Man-Trap is a 1961 American neo-noir film about a Korean War veteran who becomes involved in a scheme to steal $3.5 million from a Central American dictator. The film was directed by Edmond O'Brien and stars Jeffrey Hunter, David Janssen and Stella Stevens. The plot is based on the novel Soft Touch by John D. MacDonald, which had previously been serialised in Cosmopolitan magazine in March 1958 as "Taint of the Tiger".

Plot
Although injured in combat, Matt Jameson returns home from Korea safely and works in California as an engineer. He is unhappily married to Nina, an alcoholic, and is attracted to his boss's secretary, Liz Addams.

Vince Biskay, a friend from the Marines whose life Matt saved, turns up with a risky but tempting offer. He knows of a Central American dictator whose shipment of $3.5 million in illegal weapons is being transported to the U.S. If they can intercept it, Matt and Vince could turn it in to law authorities and split the reward.

A gun battle erupts at the San Francisco airport, with the dictator's thugs trying to protect the loot. Vince is shot. Matt takes him and their stolen money home, where Vince recovers while a drunken Nina makes a pass at him.

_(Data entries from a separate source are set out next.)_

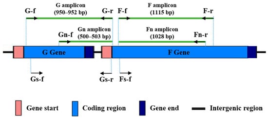 HRSV is a single-stranded negative-sense RNA virus that belongs to the Pneumoviridae family and genus Orthopneumovirus [4]. Its genome is approximately 15.2 Kb in length and is organized into 10 genes that encode 11 viral proteins, consisting of 2 non-structural and 9 structural proteins. The molecular epidemiology of HRSV is quite complex due to its rapid genetic changes, leading to the emergence of numerous genotypes grouped into two main antigenic groups: subgroups A (HRSV-A) and B (HRSV-B), which circulate in different seasons and geographical regions [5,6]. The sequence of the G gene or its second hypervariable region has been used in numerous epidemiological and evolutionary studies [1,3]. However, some authors highlight that analyzing this region may not always be the best approach, since in some cases it might not distinguish whether two isolates belong to the same lineage or not [1]. Unlike the G protein, the sequences of the F ectodomains differ only by ~5% between HRSV-A and HRSV-B, rendering this an interesting target region for the development of prophylactic tools against HRSV such as the monoclonal antibodies Palivizumab and Nirsevimab [2,3]. Considerable effort has been made to classify HRSV genotypes below the subgroup level [1,7,8,9,10,11]. However, some of the traditional amplification strategies may have shown some challenges due to different amplification efficiencies for one subgroup over another due to sequence variability and dissimilar melting temperatures (Tm) of amplification primers, which can compromise both specificity and yield [12,13,14,15]. Very recently, the HRSV Genotyping Consensus Consortium (RGCC) proposed a new standardized system for the phylogenetic classification of the different HRSV genotypes, applicable to both complete and partial genomes [16]. This classification is important not only for taxonomic purposes but also to better understand the epidemiology and therefore the implementation of therapeutic and preventive strategies for this virus [1].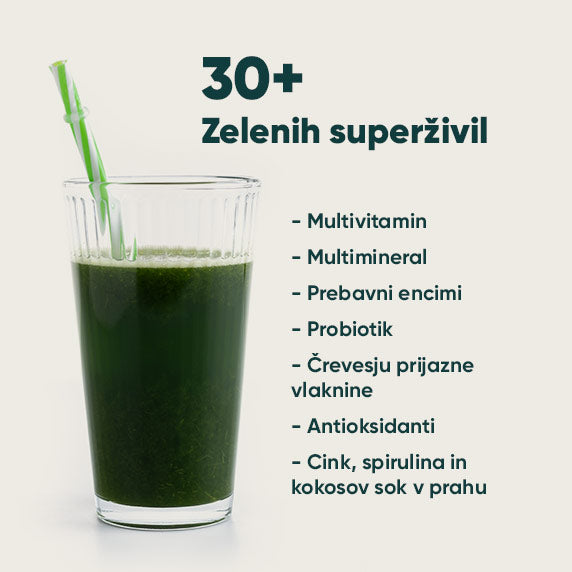 Vsebuje več kot 30 superživil, probiotikov, prebavnih encimov, vitaminov in mineralov, ki pomagajo pri lajšanju napihnjenosti, dvigu energije, uravnavajo željo po hrani in poskrbijo za odpornost ter lepe lase in nohte.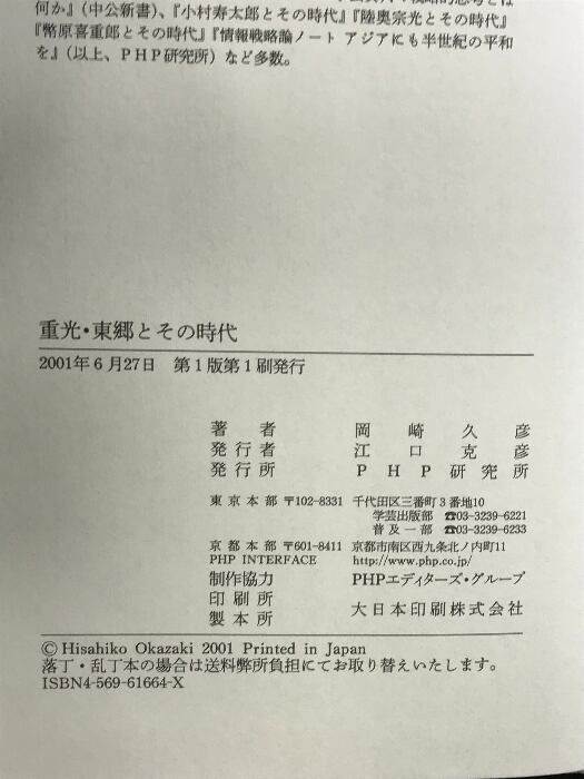 タイトル:重光・東郷とその時代 PHP研究所 岡崎 久彦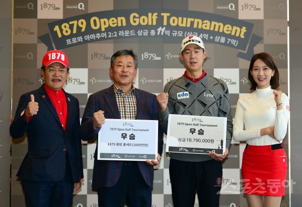 프로와 아마추어 총 280여 명이 참가하는 ‘1879 오픈 골프 토너먼트’ 1차대회 본선이 28일 경기도 안성 골프클럽 안성Q에서 열렸다. (왼쪽부터)1879골프 이동현 회장, 아마추어 우승자 곽광호 씨. 프로 우승자 이동하 프로. 이민지 1879골프 모델(2015 미스코리아 진)이 기념촬영을 하고 있다.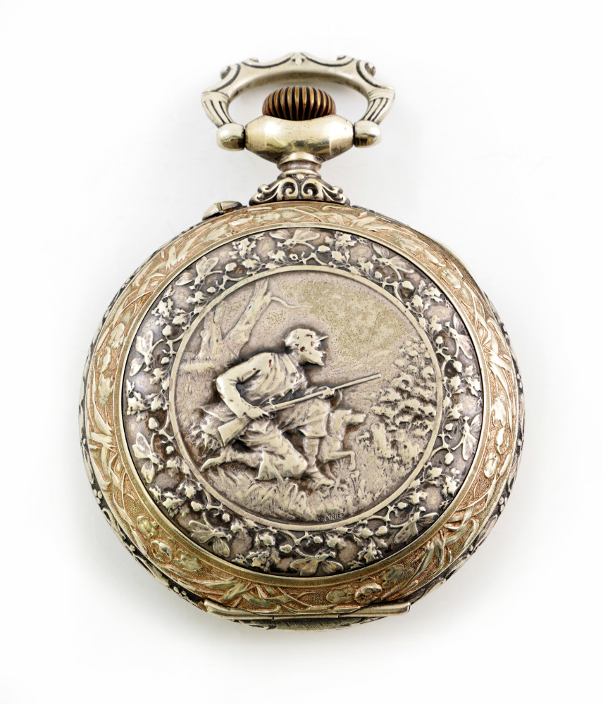 Nr 63 Grande orologio da tasca, cassa in ”argentan” con scena di caccia sul fondello, movimento anonimo,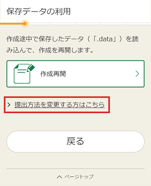 「提出方法を変更する方はこちら」をタップしてください。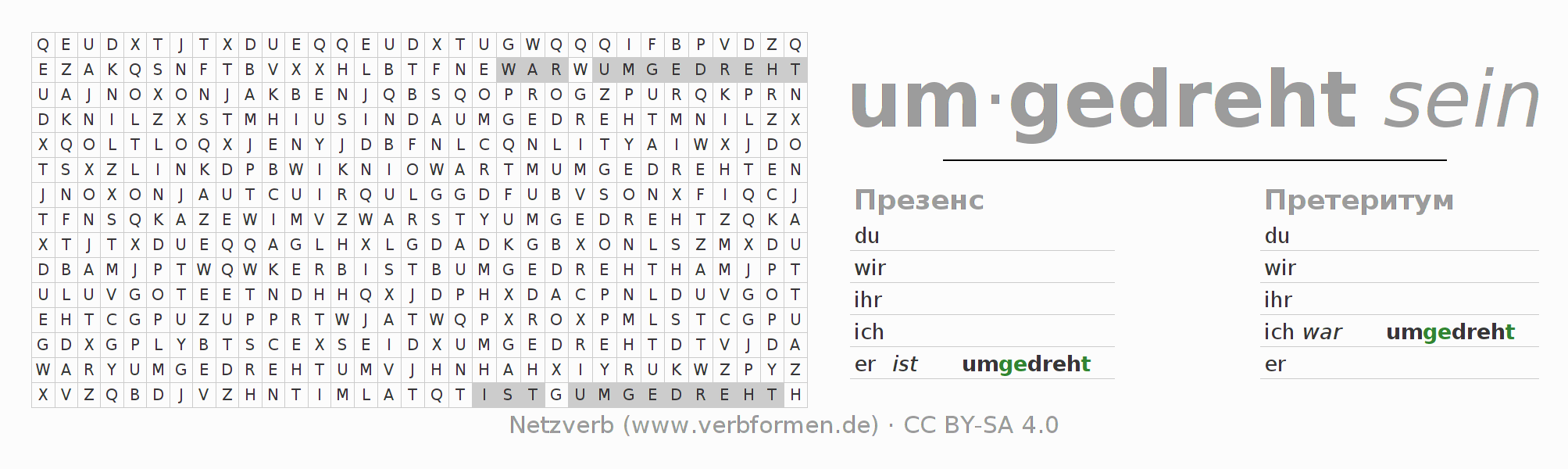 Инструкция: образовать формы глагола umdrehen и найти их в головоломке, либо распознать изменённую форму umdrehen в буквенном винегрете и соотнести ее с правильной формой глагола. Умлауты и -ß- транслитерируются соответственно как -oe-, -ae-, -ue- и -ss-.Ответ находится в конце страницы.

Matt orders Vince to leave when he realizes that Vince intends to keep the money rather than returning it. Nina then has a fatal accident that a desperate Matt tries to cover up. He is found and beaten by the Central American thugs, looking for their money. Vince has the money but comes to an unhappy end of the road. Matt ends up with Liz, feeling lucky to get out of the dangerous situation alive.

Cast

 Jeffrey Hunter as Matt Jameson
 David Janssen as Vince Biskay
 Stella Stevens as Nina Jameson
 Elaine Devry as Liz Addams
 Virginia Gregg as Ruth
 Dorothy Green as Vera Snavely
 Hugh Sanders as E.J. Malden
 Frank Albertson as Paul Snavely
 Arthur Batanides as Cortez
 Perry Lopez as Puerco
 Bernard Fein as Fat Man
 Tol Avery as Lt. Heisen
 Bob Crane as Ralph Turner

Production
The original title for the film was Hell Is for Heroes, but actor Steve McQueen demanded that his own contemporaneous project, originally called Separation Hill, be given that name. Edmond O'Brien was furious when studio executive Martin Rackin acceded to McQueen's dictate, but, as a leading man and up-and-coming star, McQueen had more clout than O'Brien.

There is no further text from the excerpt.